§ **RECORDS FOR THE TASK**
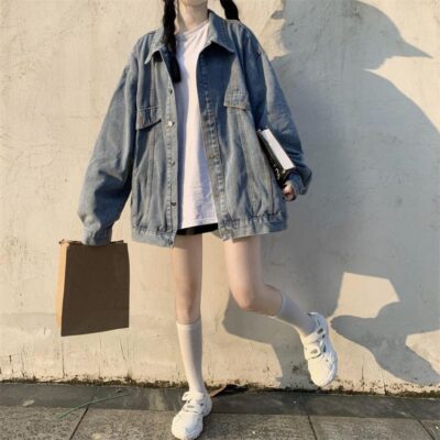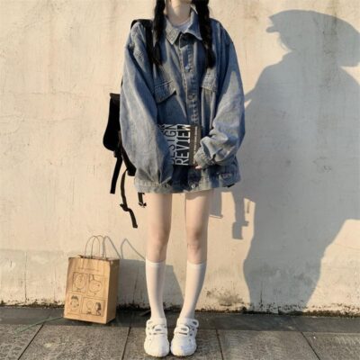 Áo khoác nữ cao bồi phong cách Hồng Kông cảm giác thiết kế lỏng lẻo kích thước lớn chất béo mm mùa thu và mùa đông dụng cụ sinh viên áo khoác áo choàng mùa xuân thay thế
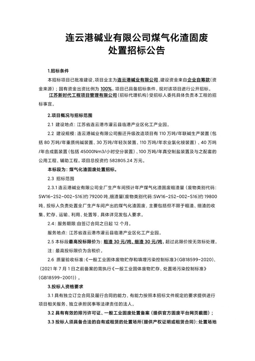 連云港堿業(yè)有限公司煤氣化渣固廢處置招標公告
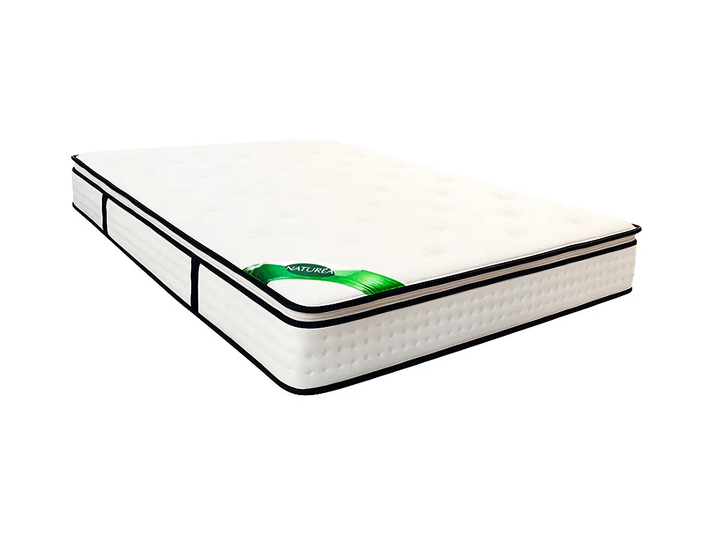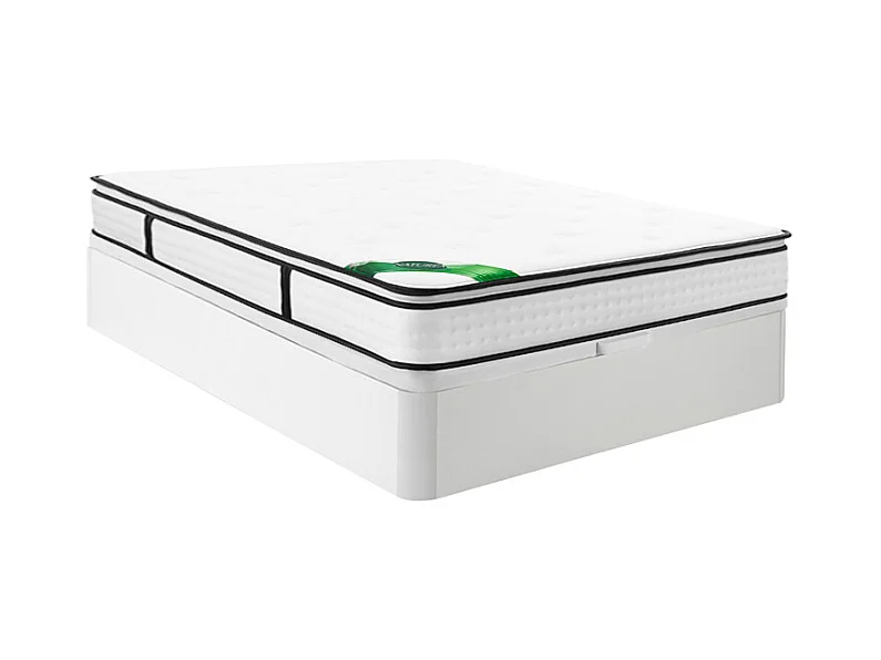 Ensemble 140 x 190 cm sommier coffre blanc + matelas ressorts ensachés 7 zones surmatelas intégré et coutil bambou ép.26cm - MIREZA de NATUREA
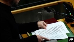 Președintele ucrainean a spus că simpla respectare a Cartei ONU ar garanta dreptul țării sale la integritate teritorială și suveranitate și că ocupanții ruși trebuie să se retragă și să fie „trași la răspundere cei responsabili pentru crimele de război”.
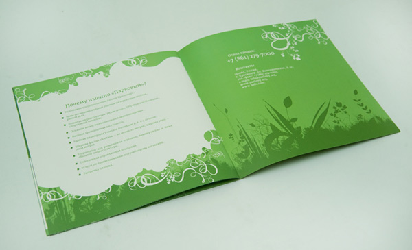 В ее оформлении использованы все визитной карточкой проекта оттенки зеленого цвета, полное отсутствие стала визитной карточкой белых страниц, меньше слов, больше Брошюра стала визитной иллюстраций и «воздуха». Текст органично предложения приобретение участка расположен на растительном фоне, рендеры, Суть предложения приобретение схемы и генплан позволяют сформировать это коттеджный посёлок наглядное представление о коттеджном поселке. проект Парковый Парковый
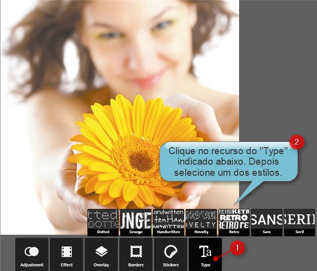 Assim que sua foto for carregada, selecione a opção “Type“, repare que aparecerá vários modelos de fontes disponíveis, clique sobre os modelos para escolher. Com o modelo já escolhido, digite seu texto no local indicado (1), depois selecione uma fonte (2), faça os ajustes de alinhamento e escolha uma cor para o texto (3), em seguida, você pode está movendo seu texto para qualquer local dentro da imagem (4), e para concluir clique em “Appy” (5).
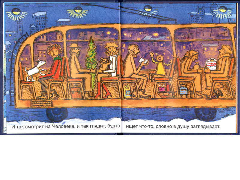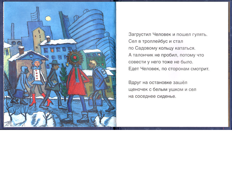 Это, конечно, детская книжка, но кое-что в ней написано для пап и мам, читающих ее вслух. Вот человек влез в троллейбус, а «талончик не пробил, потому что совести у него тоже не было». Вообще-то говоря, всяким разным взрослым неплохо бы ее прочесть, и может быть, прочти они такую книжку в детстве, легче было бы потом справляться с то и дело настигающим одиночеством. У человека-то ничего не было, а в книжке много что есть – и собака, потерянная и найденная, и человек, потерянный и найденный.
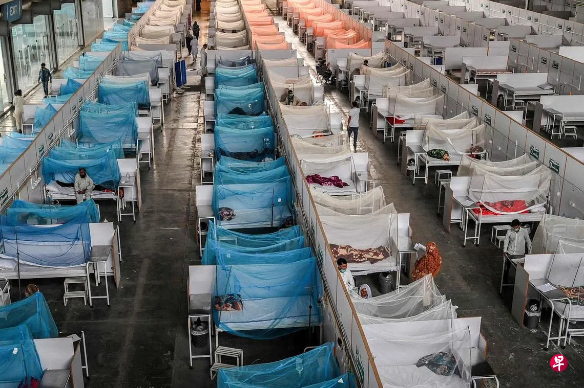 巴基斯坦近日在对抗冠病疫情的同时,还要面对骨痛热症肆虐,当中东部旁遮普省的情况最严重。该省前天通报508起骨痛热症病例,使今年来的累计病例达到5700多起。该省前天也有18人死于骨痛热症,为单日新高。图为旁遮普省首府拉合尔一家医院,因骨痛热症病人过多导致床位短缺,院方被迫增设临时病房。(法新社)
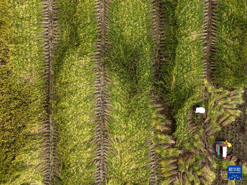 10月12日,农户在浙江省乐清市白石街道密川村田间收割稻谷(无人机照片)。
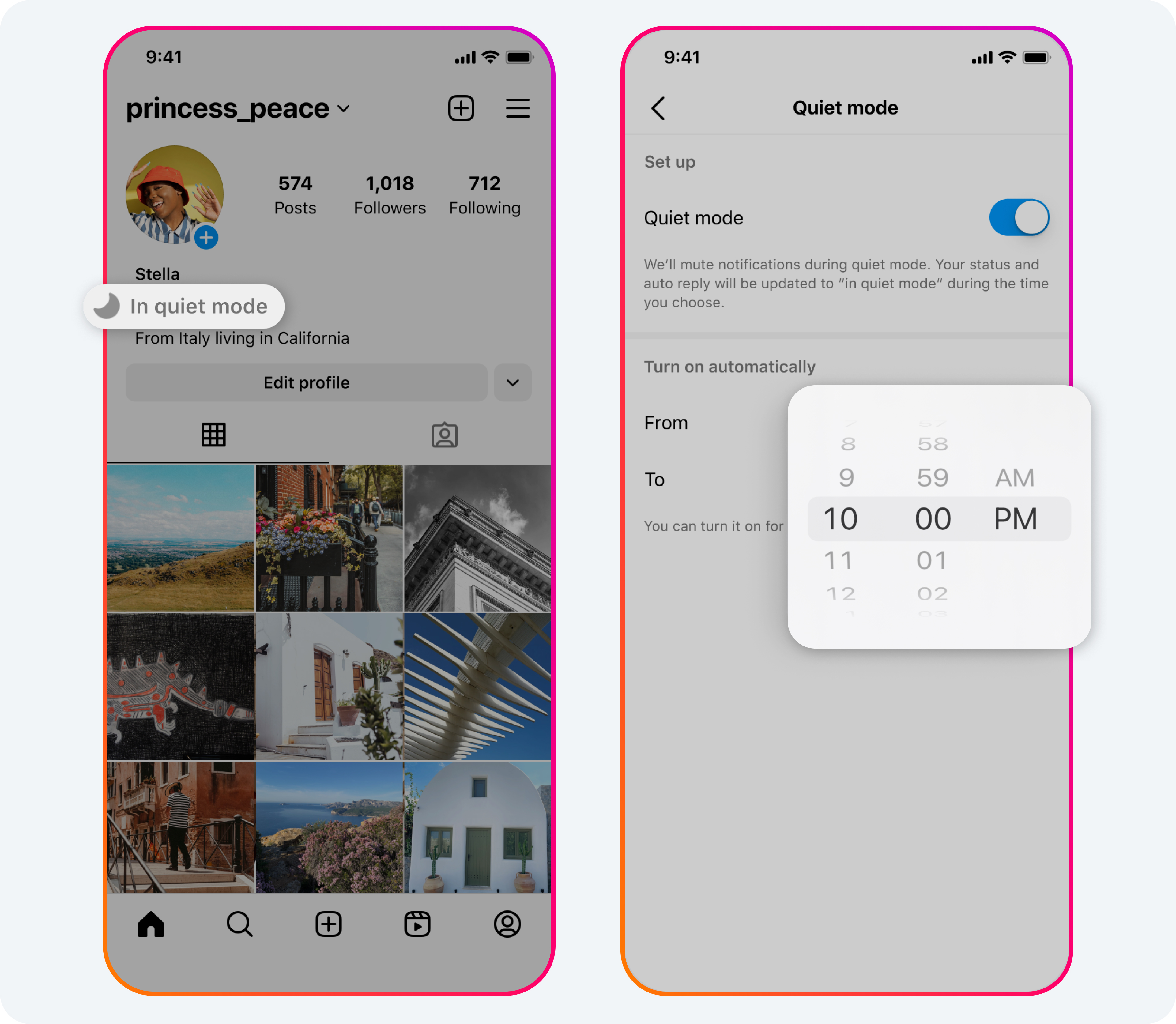 In January, we introduced Quiet Mode on Instagram, a new feature to help people focus and to encourage them to set boundaries with their friends and followers. For example, when you turn on Quiet Mode, you won’t receive any notifications, your profile’s activity status will change to let people know you’re in Quiet Mode, and we’ll automatically send an auto-reply when someone sends you a DM. We’re making Quiet Mode available to everyone on Instagram globally in the coming weeks.
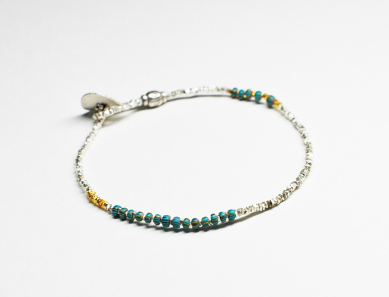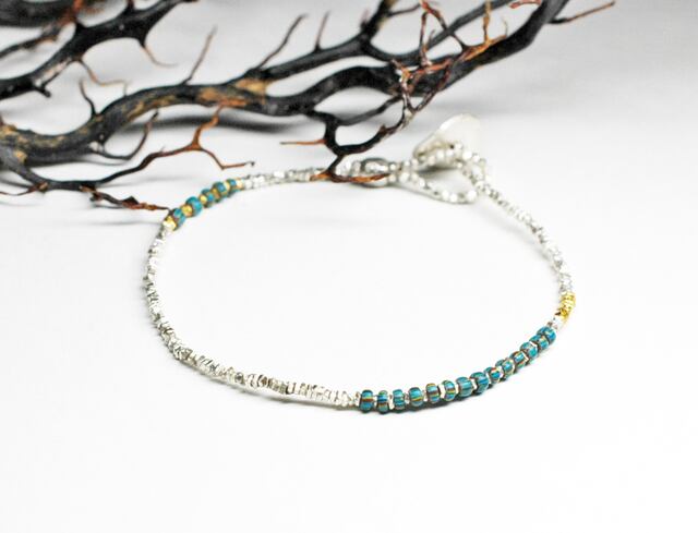 ターコイズブルーシェブロンビーズとさざれカレンシルバーの華奢なブレス
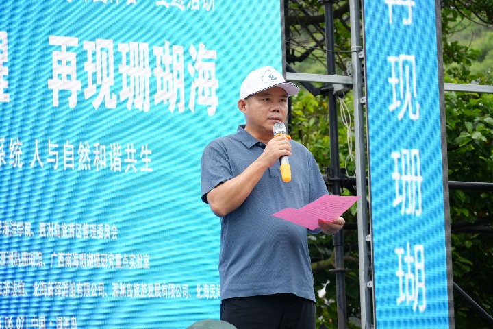 开幕式上,涠洲岛旅游区管理委员会陆金旭副主任致辞。他在致辞中祝贺并感谢乐天使在珊瑚礁研究与生态修复等方面取得的显著成果。陆金旭介绍了海洋和珊瑚礁在海洋储碳和碳循环中的关键作用,以及它们所面临的危机,同时强调了涠洲岛在珊瑚礁保护方面独特的资源优势,呼吁大家从自身做起,关注海洋、珍爱珊瑚礁。乐天使涠洲岛珊瑚馆馆长黄雯博士介绍了乐天使科研团队在珊瑚礁保护与修复、海洋环境监测等方面取得的显著成绩,为广西乃至全国的海洋事业发展做出了应有的贡献。北海新绎游船有限公司刘秋琳总经理和涠洲岛潜水协会秘书长李武分别向参会嘉宾介绍了企业在积极组织开展海滩垃圾清理和保护海洋公益活动的相关情况。在交流环节中,各界社会人士提出保护珊瑚礁的建议,分享珊瑚保护科普和生态修复的效果,以及未来可持续开展的工作。
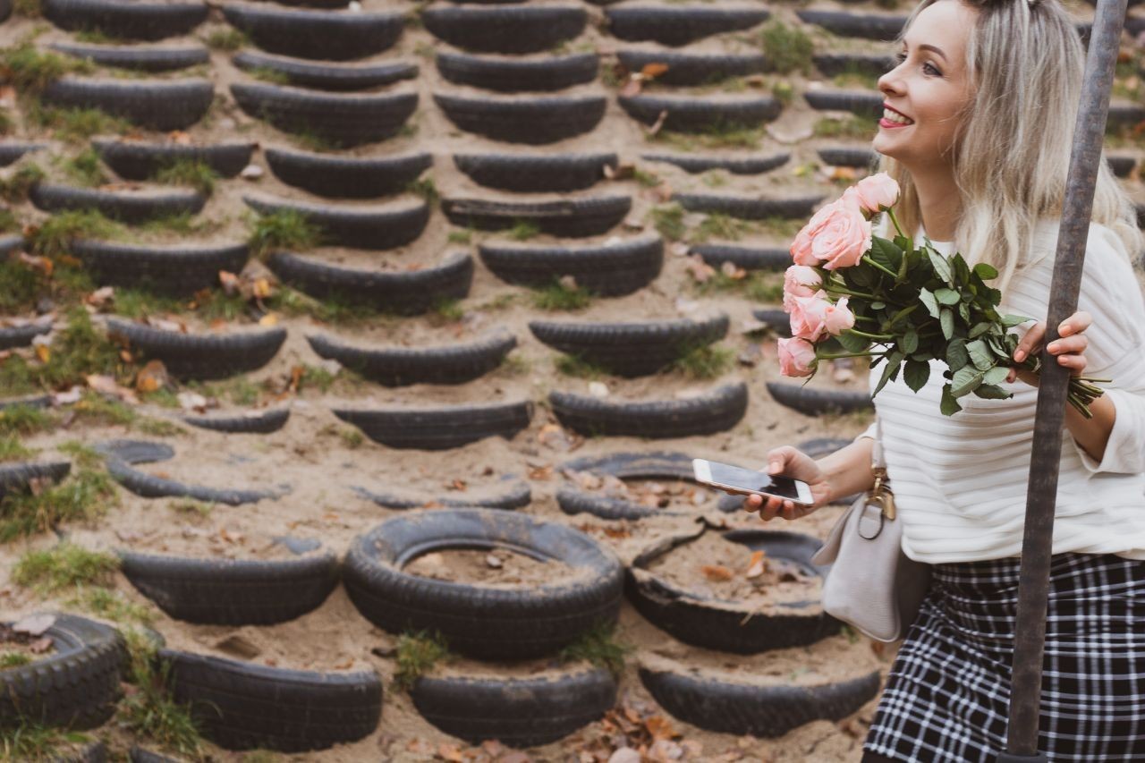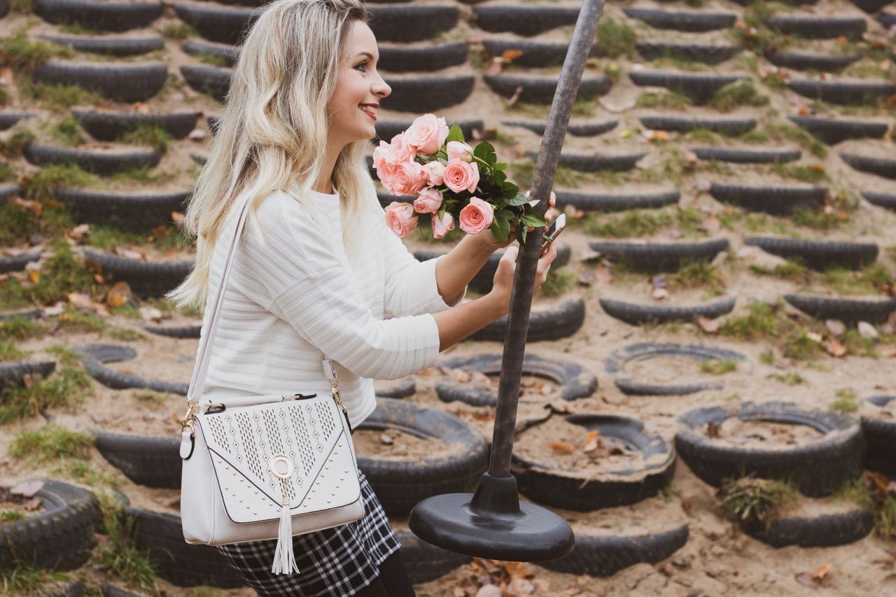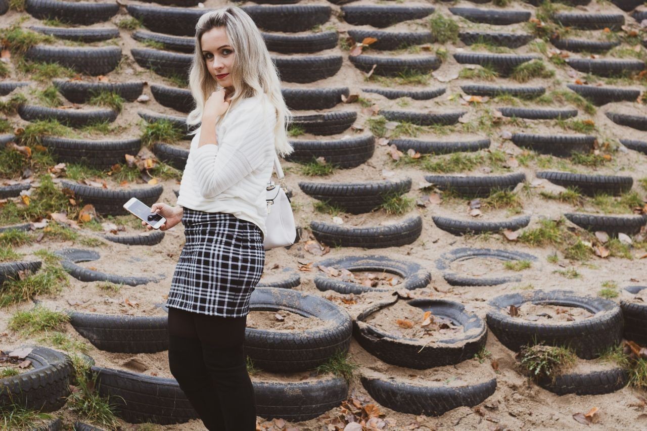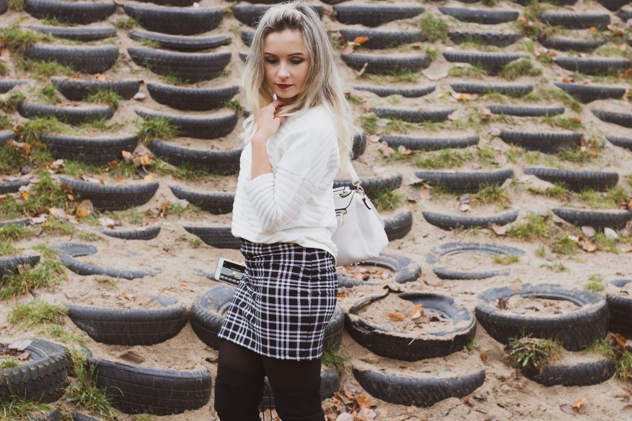 Was das Styling angeht, es ist eine sehr einfache Kombination, weißer Pullover, karierter Rock, Overkneestiefel und darunter schwarze Strumpfhose. Dieses Outfit habe ich von den Mädels auf Instagram abgeguckt :-). Dazu trage ich sehr gerne eine weiße Tasche, die ich im Rahmen einer Kooperation mit Online-Shop Elegrina bekommen habe. Den weißen Pullover habe ich bei Otto bestellt. Leider ist der Pulli nicht merhr verfügbar, aber ich habe sehr ähnliche gefunden - die Verlinkungen findet Ihr unten. Das gleiche gilt für den Rock. Ich liebe diesen Oberteil, da ich es sehr gut mit Röcken kombinieren kann - am liebsten mit engen oder leicht ausgestellten. Dazu passen vor allem in dieser kalten Jahreszeit schwarze Overkneeschuhe. Die Stiefel, die ich auf den Bildern trage, sind bei H&M für EUR 49,99 erhältlich. Die Schuhe habe ich letztes Jahr gekauft und heute sehen immer noch wie neu aus. Die Overkneestiefel sind seit ein Paar Jahren ein echter Trend. Kein Wunder - diese Schuhe sehen so schick aus und zugleich sind sehr praktisch, denn die Beine besser aufgewärmt werden. Ich hoffe mein Vorschlag gefällt Euch :-).

§ **EXERCISE OBJECTIVE**
The reply must consist of the records, repeated exactly, minus any images.

§ **RESPONSE TO THE EXERCISE**
 Áo khoác nữ cao bồi phong cách Hồng Kông cảm giác thiết kế lỏng lẻo kích thước lớn chất béo mm mùa thu và mùa đông dụng cụ sinh viên áo khoác áo choàng mùa xuân thay thế
 連云港堿業(yè)有限公司煤氣化渣固廢處置招標公告
 Ensemble 140 x 190 cm sommier coffre blanc + matelas ressorts ensachés 7 zones surmatelas intégré et coutil bambou ép.26cm - MIREZA de NATUREA
 Președintele ucrainean a spus că simpla respectare a Cartei ONU ar garanta dreptul țării sale la integritate teritorială și suveranitate și că ocupanții ruși trebuie să se retragă și să fie „trași la răspundere cei responsabili pentru crimele de război”.
 В ее оформлении использованы все визитной карточкой проекта оттенки зеленого цвета, полное отсутствие стала визитной карточкой белых страниц, меньше слов, больше Брошюра стала визитной иллюстраций и «воздуха». Текст органично предложения приобретение участка расположен на растительном фоне, рендеры, Суть предложения приобретение схемы и генплан позволяют сформировать это коттеджный посёлок наглядное представление о коттеджном поселке. проект Парковый Парковый
 Assim que sua foto for carregada, selecione a opção “Type“, repare que aparecerá vários modelos de fontes disponíveis, clique sobre os modelos para escolher. Com o modelo já escolhido, digite seu texto no local indicado (1), depois selecione uma fonte (2), faça os ajustes de alinhamento e escolha uma cor para o texto (3), em seguida, você pode está movendo seu texto para qualquer local dentro da imagem (4), e para concluir clique em “Appy” (5).
 Это, конечно, детская книжка, но кое-что в ней написано для пап и мам, читающих ее вслух. Вот человек влез в троллейбус, а «талончик не пробил, потому что совести у него тоже не было». Вообще-то говоря, всяким разным взрослым неплохо бы ее прочесть, и может быть, прочти они такую книжку в детстве, легче было бы потом справляться с то и дело настигающим одиночеством. У человека-то ничего не было, а в книжке много что есть – и собака, потерянная и найденная, и человек, потерянный и найденный.
 巴基斯坦近日在对抗冠病疫情的同时,还要面对骨痛热症肆虐,当中东部旁遮普省的情况最严重。该省前天通报508起骨痛热症病例,使今年来的累计病例达到5700多起。该省前天也有18人死于骨痛热症,为单日新高。图为旁遮普省首府拉合尔一家医院,因骨痛热症病人过多导致床位短缺,院方被迫增设临时病房。(法新社)
 10月12日,农户在浙江省乐清市白石街道密川村田间收割稻谷(无人机照片)。
 In January, we introduced Quiet Mode on Instagram, a new feature to help people focus and to encourage them to set boundaries with their friends and followers. For example, when you turn on Quiet Mode, you won’t receive any notifications, your profile’s activity status will change to let people know you’re in Quiet Mode, and we’ll automatically send an auto-reply when someone sends you a DM. We’re making Quiet Mode available to everyone on Instagram globally in the coming weeks.
 ターコイズブルーシェブロンビーズとさざれカレンシルバーの華奢なブレス
 开幕式上,涠洲岛旅游区管理委员会陆金旭副主任致辞。他在致辞中祝贺并感谢乐天使在珊瑚礁研究与生态修复等方面取得的显著成果。陆金旭介绍了海洋和珊瑚礁在海洋储碳和碳循环中的关键作用,以及它们所面临的危机,同时强调了涠洲岛在珊瑚礁保护方面独特的资源优势,呼吁大家从自身做起,关注海洋、珍爱珊瑚礁。乐天使涠洲岛珊瑚馆馆长黄雯博士介绍了乐天使科研团队在珊瑚礁保护与修复、海洋环境监测等方面取得的显著成绩,为广西乃至全国的海洋事业发展做出了应有的贡献。北海新绎游船有限公司刘秋琳总经理和涠洲岛潜水协会秘书长李武分别向参会嘉宾介绍了企业在积极组织开展海滩垃圾清理和保护海洋公益活动的相关情况。在交流环节中,各界社会人士提出保护珊瑚礁的建议,分享珊瑚保护科普和生态修复的效果,以及未来可持续开展的工作。
 Was das Styling angeht, es ist eine sehr einfache Kombination, weißer Pullover, karierter Rock, Overkneestiefel und darunter schwarze Strumpfhose. Dieses Outfit habe ich von den Mädels auf Instagram abgeguckt :-). Dazu trage ich sehr gerne eine weiße Tasche, die ich im Rahmen einer Kooperation mit Online-Shop Elegrina bekommen habe. Den weißen Pullover habe ich bei Otto bestellt. Leider ist der Pulli nicht merhr verfügbar, aber ich habe sehr ähnliche gefunden - die Verlinkungen findet Ihr unten. Das gleiche gilt für den Rock. Ich liebe diesen Oberteil, da ich es sehr gut mit Röcken kombinieren kann - am liebsten mit engen oder leicht ausgestellten. Dazu passen vor allem in dieser kalten Jahreszeit schwarze Overkneeschuhe. Die Stiefel, die ich auf den Bildern trage, sind bei H&M für EUR 49,99 erhältlich. Die Schuhe habe ich letztes Jahr gekauft und heute sehen immer noch wie neu aus. Die Overkneestiefel sind seit ein Paar Jahren ein echter Trend. Kein Wunder - diese Schuhe sehen so schick aus und zugleich sind sehr praktisch, denn die Beine besser aufgewärmt werden. Ich hoffe mein Vorschlag gefällt Euch :-).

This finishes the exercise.